▶ SOURCE DATA:
☆ ☆ ☆

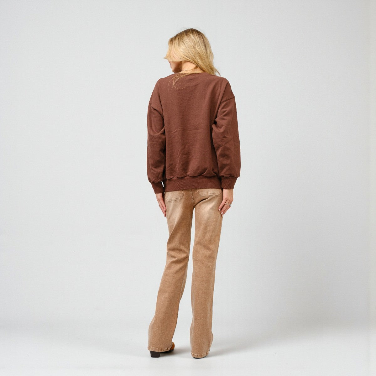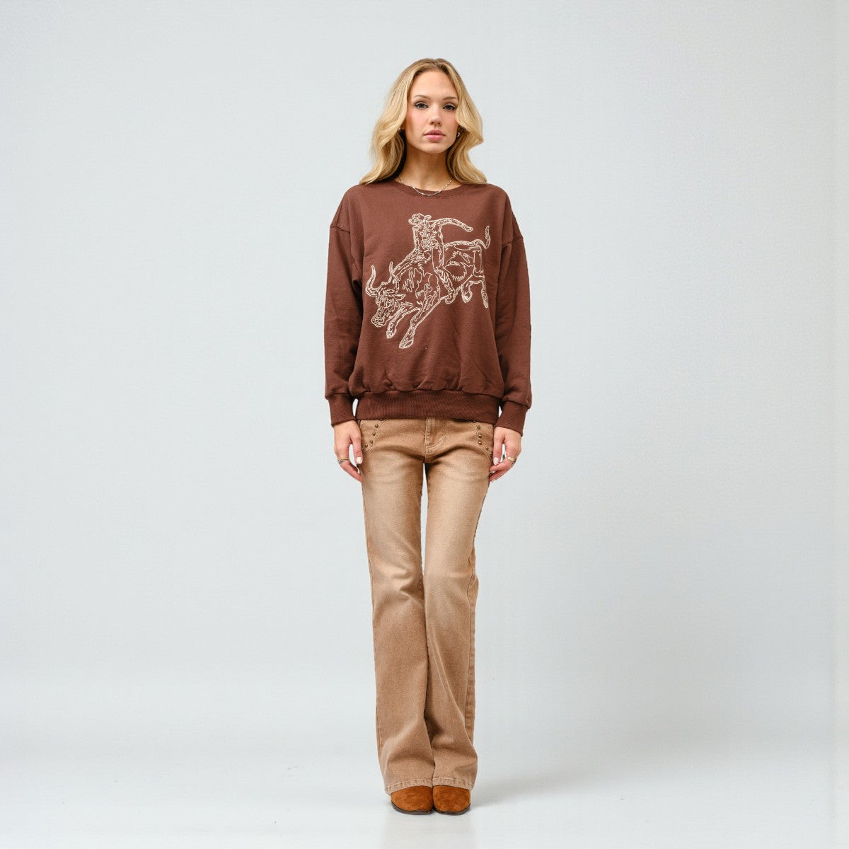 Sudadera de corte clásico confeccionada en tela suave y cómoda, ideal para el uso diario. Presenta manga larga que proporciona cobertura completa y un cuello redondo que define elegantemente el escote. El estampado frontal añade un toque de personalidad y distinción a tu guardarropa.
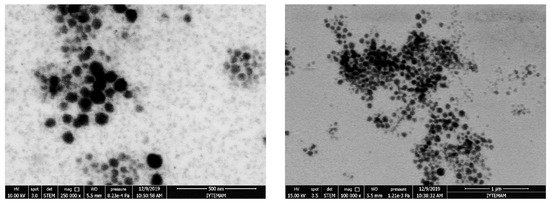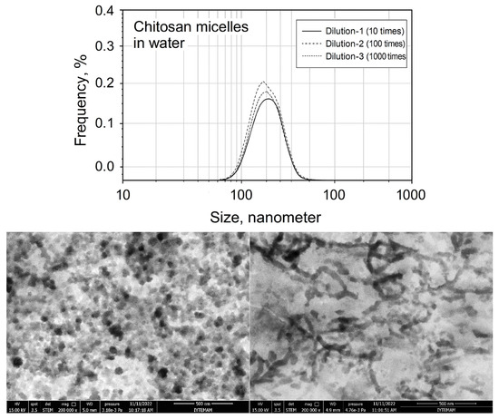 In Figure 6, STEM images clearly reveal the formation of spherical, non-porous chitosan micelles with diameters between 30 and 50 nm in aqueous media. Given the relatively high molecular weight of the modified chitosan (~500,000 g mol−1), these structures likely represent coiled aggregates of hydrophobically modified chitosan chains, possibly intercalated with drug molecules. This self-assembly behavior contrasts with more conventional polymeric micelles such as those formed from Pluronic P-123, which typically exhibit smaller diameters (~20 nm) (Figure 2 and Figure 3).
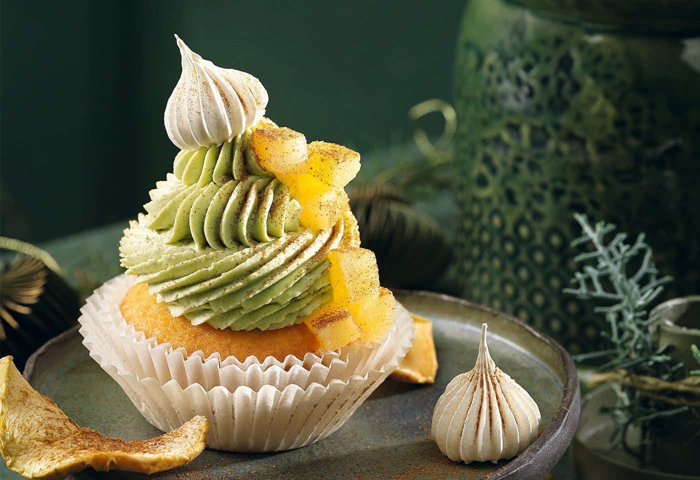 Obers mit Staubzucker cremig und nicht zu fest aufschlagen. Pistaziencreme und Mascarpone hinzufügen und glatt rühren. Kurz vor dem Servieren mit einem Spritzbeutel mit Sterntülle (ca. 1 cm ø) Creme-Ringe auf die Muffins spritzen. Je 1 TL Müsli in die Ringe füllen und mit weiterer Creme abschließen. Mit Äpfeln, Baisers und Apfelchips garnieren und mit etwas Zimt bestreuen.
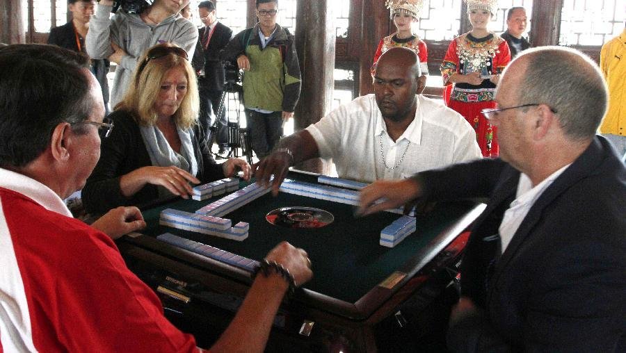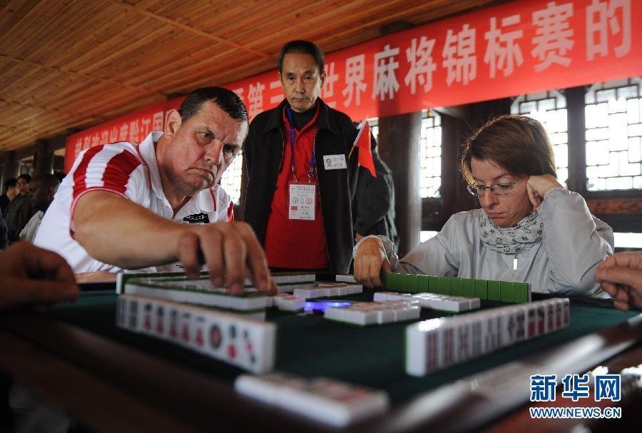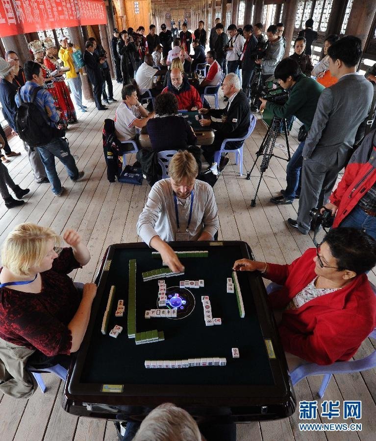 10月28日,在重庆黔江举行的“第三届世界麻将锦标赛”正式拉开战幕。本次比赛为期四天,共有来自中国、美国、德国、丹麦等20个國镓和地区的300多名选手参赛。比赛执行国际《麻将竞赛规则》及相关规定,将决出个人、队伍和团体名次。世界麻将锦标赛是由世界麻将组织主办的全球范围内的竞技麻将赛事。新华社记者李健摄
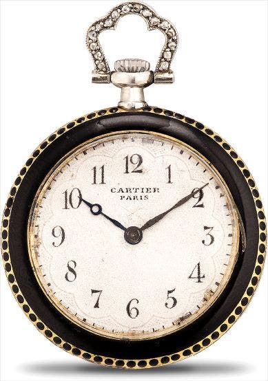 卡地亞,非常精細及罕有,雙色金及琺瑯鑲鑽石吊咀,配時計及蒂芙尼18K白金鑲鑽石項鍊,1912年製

☆ ☆ ☆

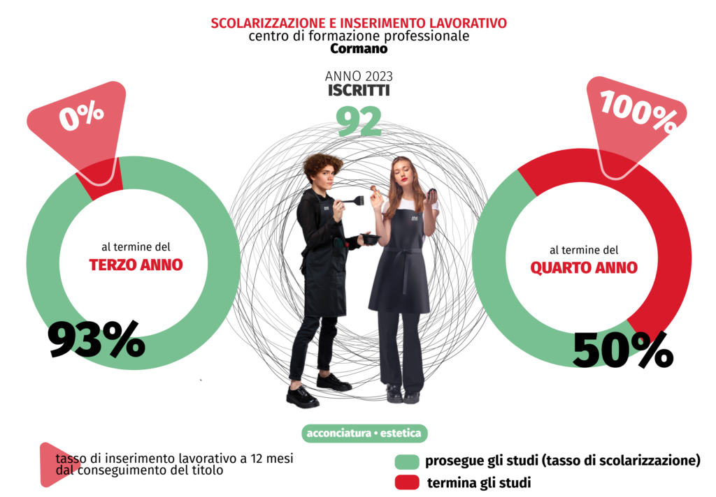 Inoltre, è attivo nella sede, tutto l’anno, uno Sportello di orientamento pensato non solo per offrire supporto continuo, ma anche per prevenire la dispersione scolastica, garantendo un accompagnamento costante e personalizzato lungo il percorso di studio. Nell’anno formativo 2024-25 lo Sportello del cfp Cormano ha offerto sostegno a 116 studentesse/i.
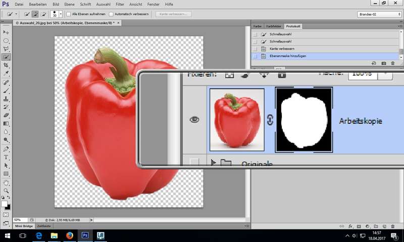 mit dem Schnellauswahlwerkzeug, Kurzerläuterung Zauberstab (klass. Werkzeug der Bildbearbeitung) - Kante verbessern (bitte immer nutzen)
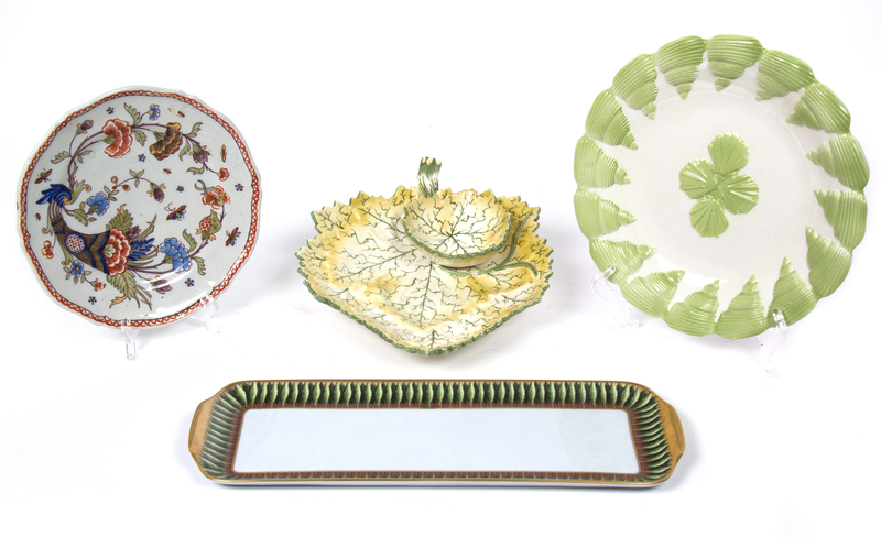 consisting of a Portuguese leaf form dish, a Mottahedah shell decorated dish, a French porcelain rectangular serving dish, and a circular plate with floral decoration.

☆ ☆ ☆

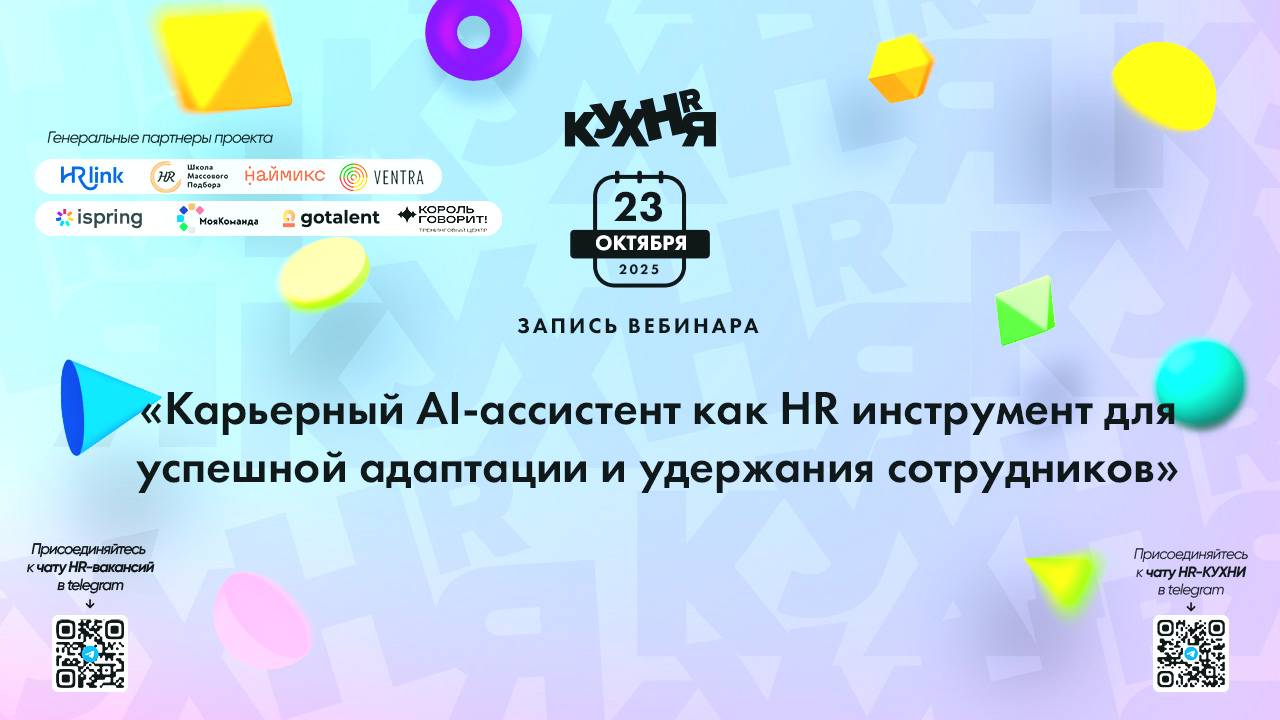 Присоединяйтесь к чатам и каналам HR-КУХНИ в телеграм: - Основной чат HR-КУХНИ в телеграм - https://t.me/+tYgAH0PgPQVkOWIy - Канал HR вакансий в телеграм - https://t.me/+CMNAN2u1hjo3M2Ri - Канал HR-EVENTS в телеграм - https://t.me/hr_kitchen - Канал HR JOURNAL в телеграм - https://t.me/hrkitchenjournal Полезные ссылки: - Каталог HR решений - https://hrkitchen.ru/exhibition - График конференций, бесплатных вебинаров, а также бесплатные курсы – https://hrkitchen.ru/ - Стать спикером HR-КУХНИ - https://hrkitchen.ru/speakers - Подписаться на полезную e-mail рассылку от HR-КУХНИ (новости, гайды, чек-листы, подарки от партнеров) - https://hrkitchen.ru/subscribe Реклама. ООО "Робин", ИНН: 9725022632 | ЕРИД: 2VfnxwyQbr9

☆ ☆ ☆

▶ AIM OF THE TASK: Exactly reproduce the lines above, starting at the one that contains "Sudadera de corte" and ending at the one that contains "In Figure 6, STEM", both inclusive; leave the pictures out and add no other lines.

▶ SOLUTION:
 Sudadera de corte clásico confeccionada en tela suave y cómoda, ideal para el uso diario. Presenta manga larga que proporciona cobertura completa y un cuello redondo que define elegantemente el escote. El estampado frontal añade un toque de personalidad y distinción a tu guardarropa.
 In Figure 6, STEM images clearly reveal the formation of spherical, non-porous chitosan micelles with diameters between 30 and 50 nm in aqueous media. Given the relatively high molecular weight of the modified chitosan (~500,000 g mol−1), these structures likely represent coiled aggregates of hydrophobically modified chitosan chains, possibly intercalated with drug molecules. This self-assembly behavior contrasts with more conventional polymeric micelles such as those formed from Pluronic P-123, which typically exhibit smaller diameters (~20 nm) (Figure 2 and Figure 3).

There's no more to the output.